10 - Se derramar sal, jogar um punhado por cima do ombro pra dar sorte. Agora eu não lembro se é o ombro esquerdo ou direito. Whatever. Essa daí é bem pouco prática. Da primeira vez que eu derramei sal na mesa (era moleca ainda) tomei um baita esporro da minha mãe e sequer lembrei de jogar o sal por cima do ombro. Da outra vez, já adulta, cozinhando, derramei um pouco de sal do lado de fora da panela, peguei um punhado e joguei sobre o ombro. Quando olhei pro chão, cheio de sal, lembrei que eu ia ser a idiota que ia limpar. Never again.

11 - Não colocar bolsa no chão senão o dinheiro vai embora. Vai chegando bêbada da balada e tenta mirar o cabideiro ou seja lá onde você coloca a sua bolsa. Impossível, amiga. Se der sorte, joga no sofá ou em cima da mesa. E o meu dinheiro vai embora a cada mudança de estação com liquidações e novas coleções, e não porque eu deixei a bolsa no chão.

12 - Mexer com fogo é xixi na cama na certa. Já reparou que nossas mães só vinham com essa história quando era época de festa junina? Criança tem uma atração irresistível por fogueira, né? E pra evitar merda… (como se adiantasse)

13 - Pegar na cor verde quando falar alguma coisa junto com outra pessoa. “Peguei no verde primeiro!” Gente, não tem coisa mais gay, mais “miguxa”, que nossas mães poderiam ter nos ensinado. E depois, qual a finalidade de pegar no verde? Quem pegava no verde primeiro ganhava o quê? Prêmio de retardado mais rápido do oeste?

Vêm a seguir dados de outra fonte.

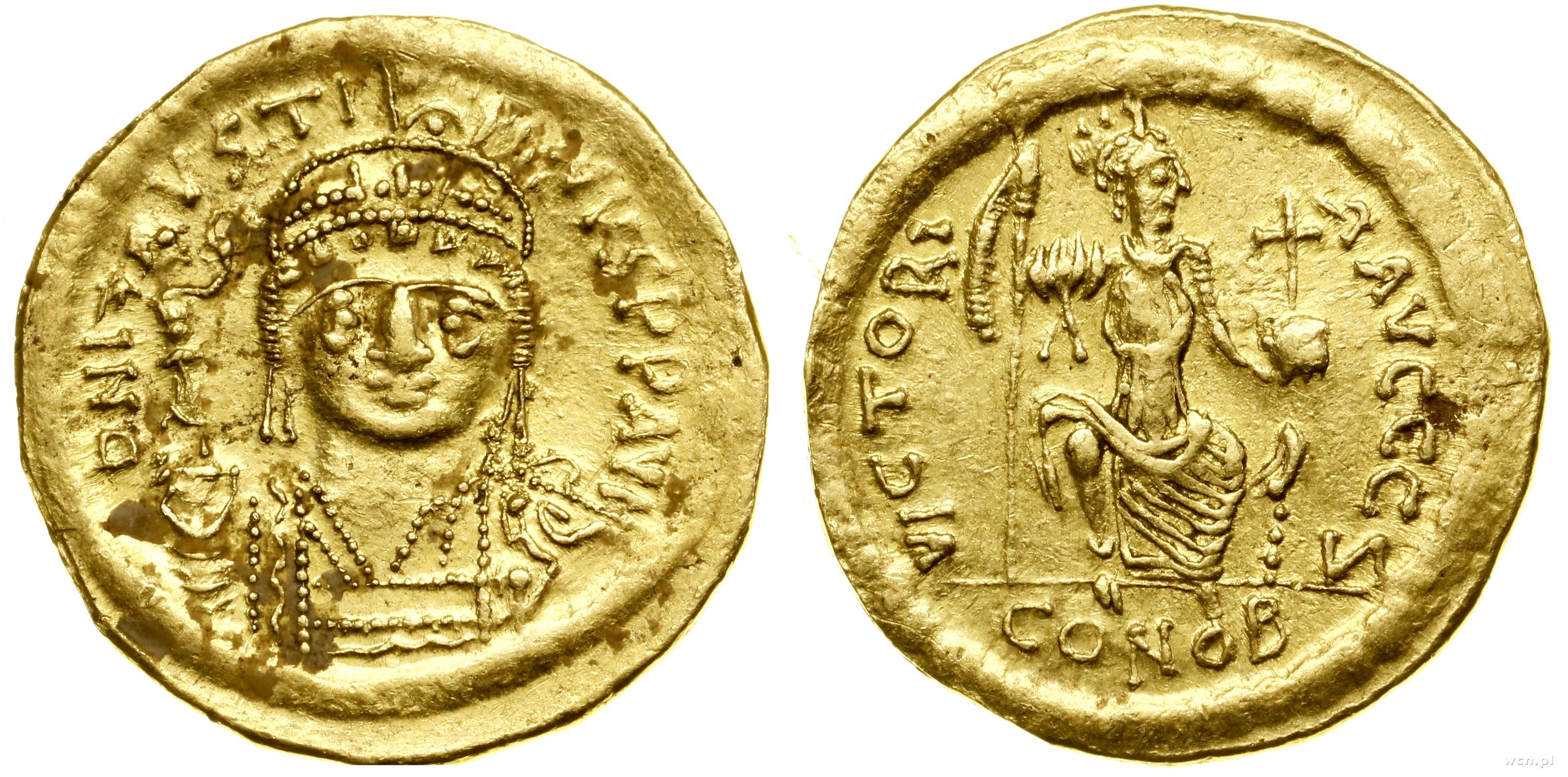 Aw: Popiersie w hełmie na wprost, w prawym ręku trzymający Wiktorię, D N IVSTINVS P P AVI, Rw: Konstantynopolis siedząca na wprost z głową zwróconą w prawo, trzymająca w prawym ręku włócznię, a w lewym glob z krzyżem, z lewej strony gwiazda, VICTORIA AVGGG, w odcinku CONOB, oficyna N

E mais, minha mãe disse que a Lua tem poderes mutantes, cuidado...

E mais, minha mãe disse que a Lua tem poderes mutantes, cuidado...

14 - Fazer pedido pro cílio caído de outra pessoa. Tem coisa mais absurda do que você e outra pessoa fazerem um pedido para um cílio caído? Gente, relooouuu! É um cílio, um CÍLIO! Se eu fosse fazer  um pedido pra cada cabelo/pelo que cai do meu corpo, ia acabar pedindo era pra não ficar careca, isso sim.

Essas foram algumas CPEs que eu lembrei com a ajuda dos meus irmãos. Renderam, além desse post, uma boa noite de lembranças e risadas. Agora diz aí se tua mãe e tua avó não são tão malucas quanto as minhas.